Similar to Paul’s encouragement to bear one another’s burdens while each one must carry their own load, addressing the continuation of racism following the emancipation of slaves is fraught with contradiction.  We lament that some of us have benefitted greatly from our nation’s founding which included the genocide of Native Americans and the suffering of enslaved people.  Generations of white Americans have enjoyed unparalleled freedom and prosperity, while generations of descendants of African American slaves have faced unspeakable brutality and oppression.  While claiming to be a people of faith in a God who loves all people equally, whites have benefited from a system of racial domination which has hurt many people of color, also including Asian Americans and those of Hispanic heritage.[ii]

We give thanks that history clearly shows that some have courageously worked to eradicate slavery, segregation, and oppression, even risking ridicule, condemnation, injury and death.  Even in the church, the moral courage of the few to stand with the marginalized and oppressed, continues to inspire those who have remained silent for far too long.
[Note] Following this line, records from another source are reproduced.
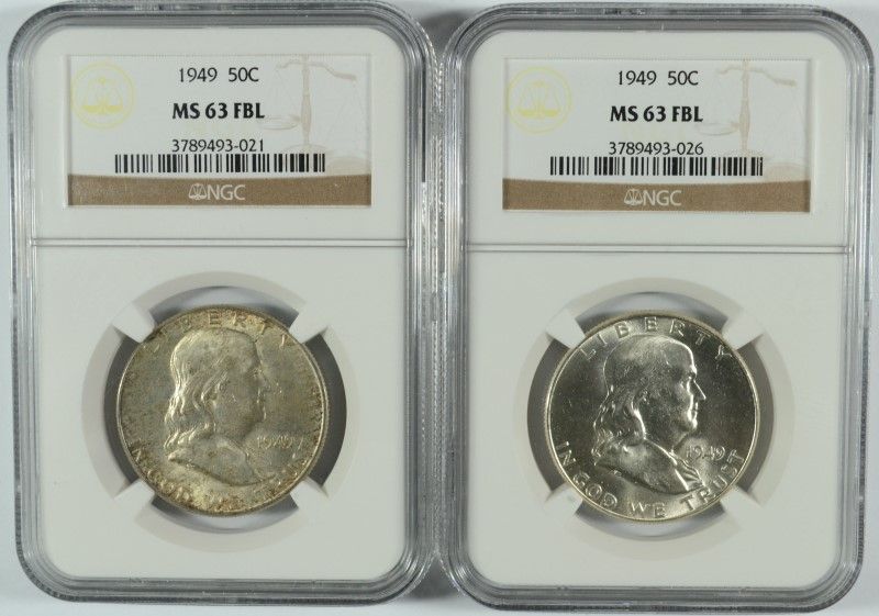 LOT OF ( 2 ) 1949 FRANKLIN HALF DOLLARS, NGC MS-63 FBL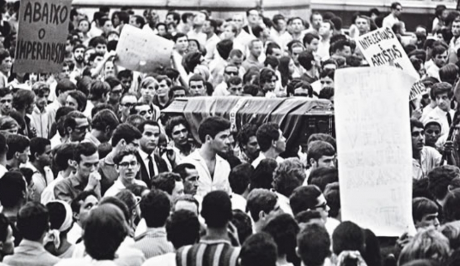 São emocionantes as imagens do enterro de Edson Luís, quando o Rio de Janeiro praticamente parou para homenagear o jovem combatente. Na missa de sétimo dia, em 4 de abril, as pessoas presentes foram atacadas pela cavalaria da PM com golpes de sabre na Igreja da Candelária. Quase três meses depois, em 26 de junho de 1968, os cariocas iam em peso para as ruas na famosa Passeata dos Cem Mil.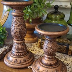 Ornate Pillar Candle Holders Set Boho World Market 6.5"-9.5" Bronze Rose Gold$20Las Vegas, NV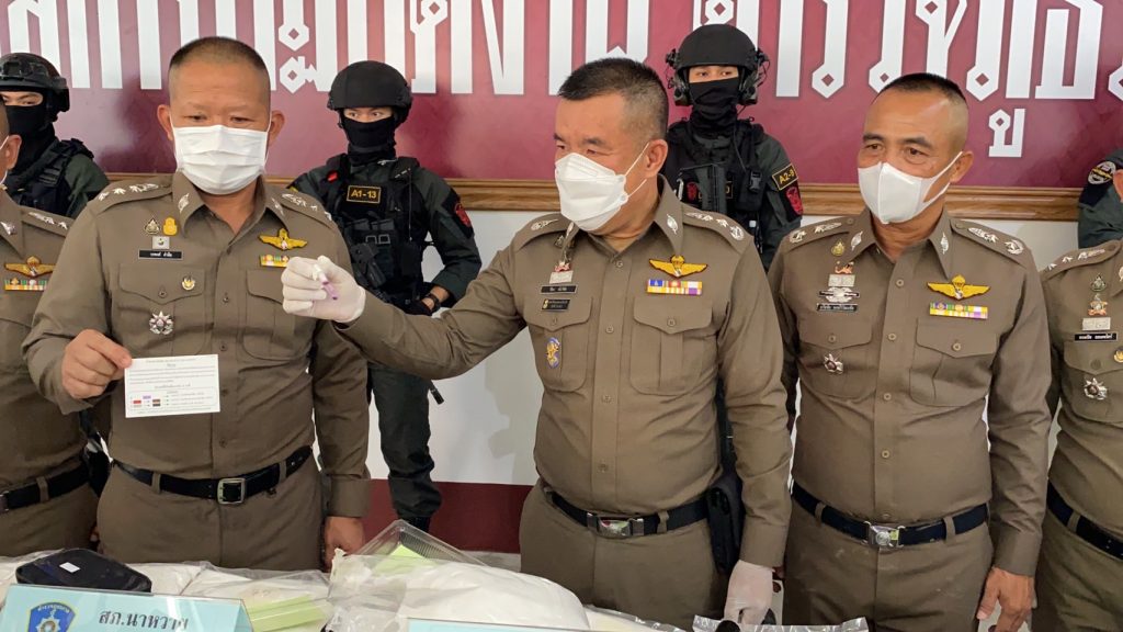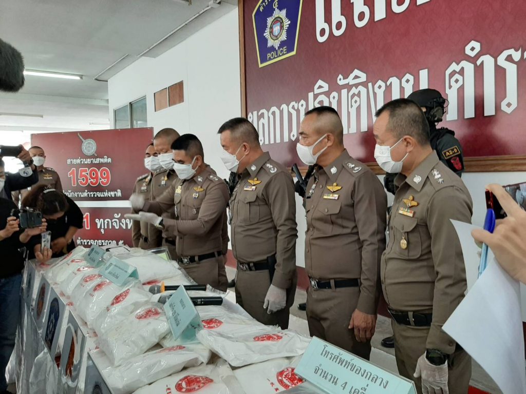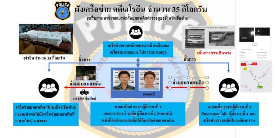เมื่อวันที่ 11 ตุลาคม 2564 เวลา 09.30 น. ตำรวจภูธรภาค 5 ภายใต้การอำนวยการของ พล.ต.ท.ปิยะ ต๊ะวิชัย ผบช.ภ.5 พร้อมด้วย พล.ต.ต.ธวัชชัย พงษ์วิวัฒนชัย ผบก.ภ.จ.เชียงใหม่,พล.ต.ต.วรพงค์ คำลือ ผบก.บก.สส.ภ.5 และ พ.ต.อ.ทรงกริช ออนตะไคร้ รอง ผบก.ภ.จ.เชียงใหม่,พ.ต.อ.สกุลรัชช์ คงทอง ผกก.สภ.นาหวาย จ.เชียงใหม่ แถลงข่าวผลการจับกุมขบวนการลักลอบขนยาเสพติดรายสำคัญ พร้อมของกลาง เฮโรอีน 35 กิโลกรัม ในท้องที่ สภ.นาหวาย จ.เชียงใหม่ โดยมีผู้ต้องหาที่เกี่ยวข้องจำนวน 4 คน หลบหนีไปได้ 1 คน ดังนี้ 1.นายอาทิตย์ จะวอ อายุ 26 ปี ที่อยู่ 36 ม.15 ต.ม่อนปิ่น อ.ฝาง จ.เชียงใหม่,2.นายอาคาริ จะอื่อ อายุ 24 ปี ที่อยู่ 401 ม.3 ต.บ้านหลวง อ.แม่อาย จ.เชียงใหม่ (หลบหนี),3.นายจะอื่อ จะทอป่า อายุ 36 ปี ที่อยู่ 338 ม.10 ต.ม่อนปิ่น อ.ฝาง จ.เชียงใหม่ และ4.นายจะนู (นามสมมุติ) อายุ 15 ปี

Last week, I encouraged us to TAKE ACTION to make a witness against gun violence in our land.  Today, I challenge us all to become aware of how so many have benefitted from a system that has oppressed millions of people from the founding of our country.  And then, may we covenant to work with and for people of color to overcome systems of racism that continue to deny equal access to a more bountiful life.  May we each use our influence to work against racism and to welcome people of all races, cultures, and ethnicities by valuing each voice within our relationships and within this Body of Christ.  May we strive to be the Beloved Community of God where all know what it means to be beloved!

[i] Adapted from Becoming the Beloved Community: Our Covenant Against Racism; A Covenant of the Susquehanna Conference Cabinet.